Monday, May 20, 2013

Of Bells,Bridge and a Road

Just an excerpt,an Image that is being formed in my mind so to enclose all my feelings that I have, I don't want to revisit certain things for I felt that I dwelt too long in them already...And I think friends are getting irritated by it.

As I closed my eyes, the bells from the nearby church tolls overhead, the wind caressing my cheeks as she blew ever slowly. The coldness from the stone bridge touches my skin. Places still remind me of you, too many places have we gone together. For now what is left are just emotions, the memories of us is fading. Regrets are also slowly slipping away, what is left now, I know not. Neither do I care for. You will still remain I know, but maybe nothing more than a blot of ink and a couple of words on a paper called " My Life". What installs for the future, you may ask? I have no answer. All I know is that I am here now, where I was led to by events that came my way. 

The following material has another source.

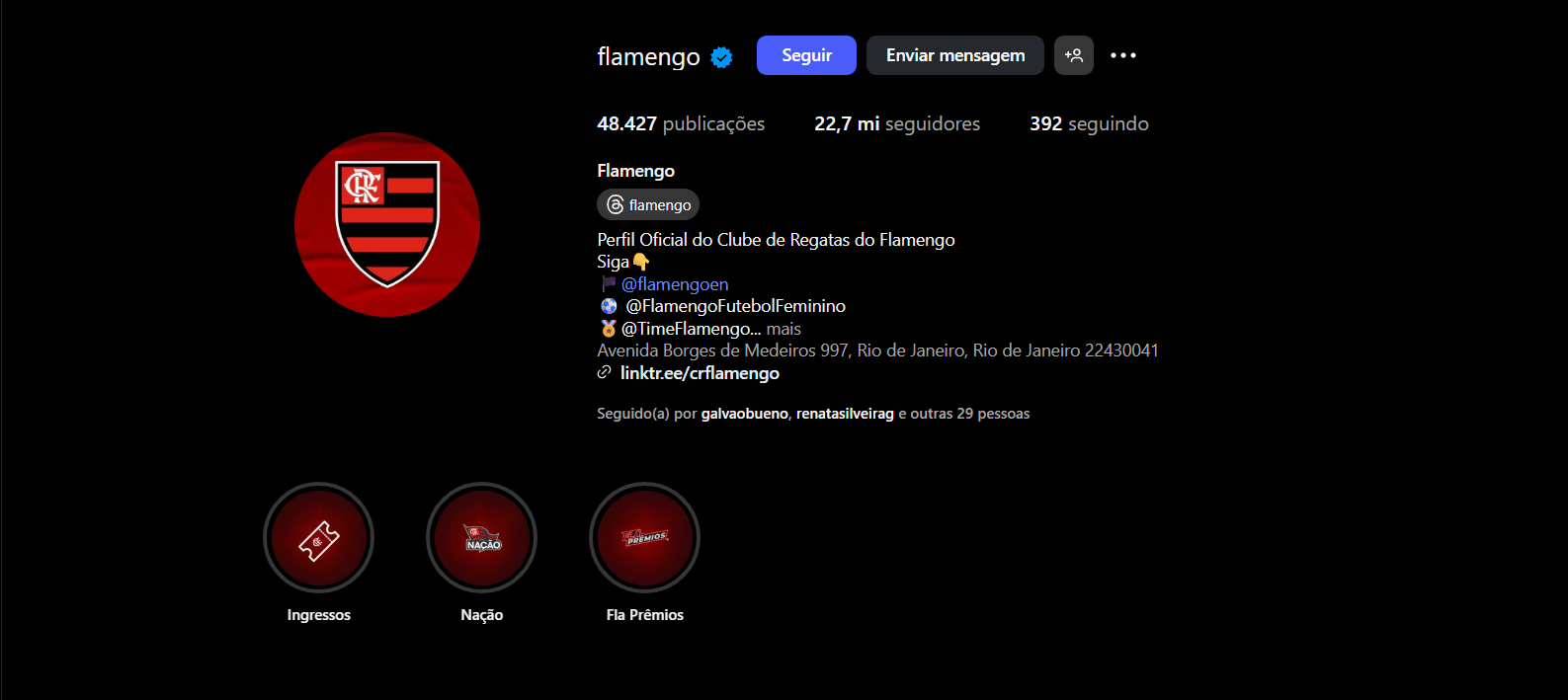 O Flamengo aparece em segundo lugar, com 385 mil novas adesões, impulsionadas pelo avanço às quartas de final da Libertadores. O Rubro-Negro liderou os ganhos no Instagram (220 mil) e no YouTube (50 mil), além de conquistar 100 mil novos seguidores no TikTok. Com isso, alcançou a marca inédita de 64 milhões de inscrições no conjunto de suas redes sociais.

Taking a deep breath of the Sicilly River, I opened my eyes. I never lament for meeting you, for all the hurt that I went through, I gained a lot back in return as well. Sometimes loving someone, being the ideal kind, will never get you the love you wanted. I do not questioned logic or questioned god anymore. What is there to question? For the heart is not something that is ruled by logic and sense. I am no Saint, neither I am some ultra good guy that people like to make of me. I am just human like everyone else, its just that I feel that some things have to be done in some way for I feel that its for the best. 

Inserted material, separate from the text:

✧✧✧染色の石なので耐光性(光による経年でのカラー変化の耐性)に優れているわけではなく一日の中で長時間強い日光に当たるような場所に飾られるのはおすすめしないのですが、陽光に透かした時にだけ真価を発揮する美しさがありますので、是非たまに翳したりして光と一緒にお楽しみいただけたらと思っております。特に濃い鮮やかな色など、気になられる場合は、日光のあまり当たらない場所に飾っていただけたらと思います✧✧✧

As I exhale and looked at the reflection of me in the slow river, time is moving, my environment have changed. I am back out of my comfort zone again, life challenges me once again with a taunt. I wonder whether the person in the river is really me? The me that I wanted to be, the me where I am now, the me that I believed I have to be. The dissatisfaction with life stems from these roots.

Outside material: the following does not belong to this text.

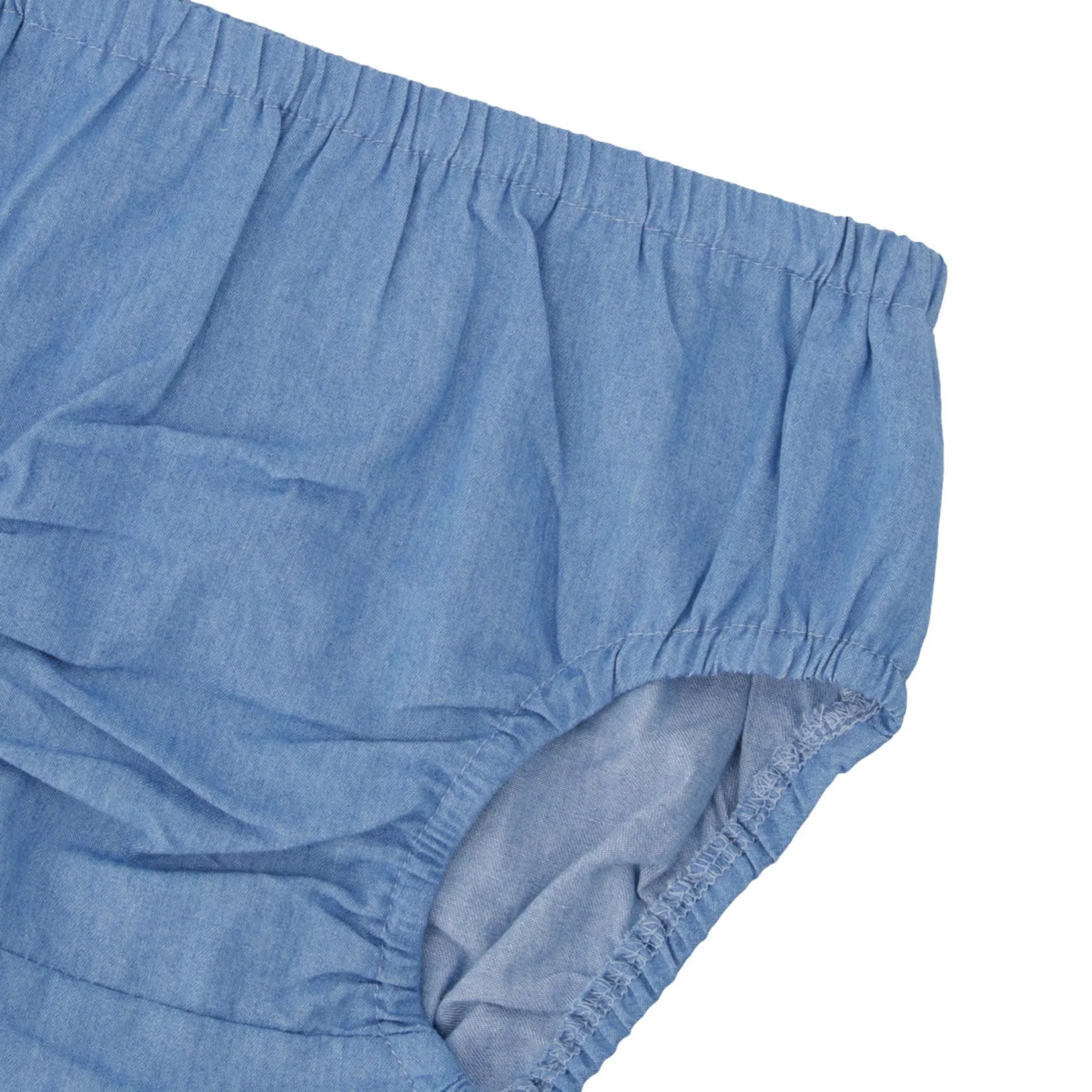 The chambray dress and bloomer set in light blue is a fresh and elegant choice for baby girls. The sleeveless dress features frilled shoulders, gathered details, and playful patch pockets adorned with delicate floral embroidery. The matching chambray bloomer completes the outfit with comfort and practicality, allowing little ones to move freely while looking stylish. Made from a soft lyocell blend chambray with added stretch, the fabric offers lightness, durability, and a gentle drape. A sweet outfit from our “Blueberry Cuddles” collection, perfect for sunny days and family outings.

Suddenly, a bird swooped down for his meal, and the person became disfigured by the disturbance. Its all an illusion. The person in front is never someone that I had expected or thought of, that someone is there as a result of disturbance and events. And that person will never be there unless I had looked down into the river. Its a matter of choices and inner strength, to hope and finally to believe. Believe in myself, that I will enjoy the image that I see.

Looking up with a smile, and with the rising sun, the bird flying off into the horizon. Its the start of something, and today will be another day where wonderful things will happen. With that, I trudged off the bridge and onto the Road. Whence it will lead me, I do not know. For life is about being a wanderer, and wherein I find my home to settle, I will know it in due time. For now, its off, off on a journey..to where they ask? To wherever I will have to be.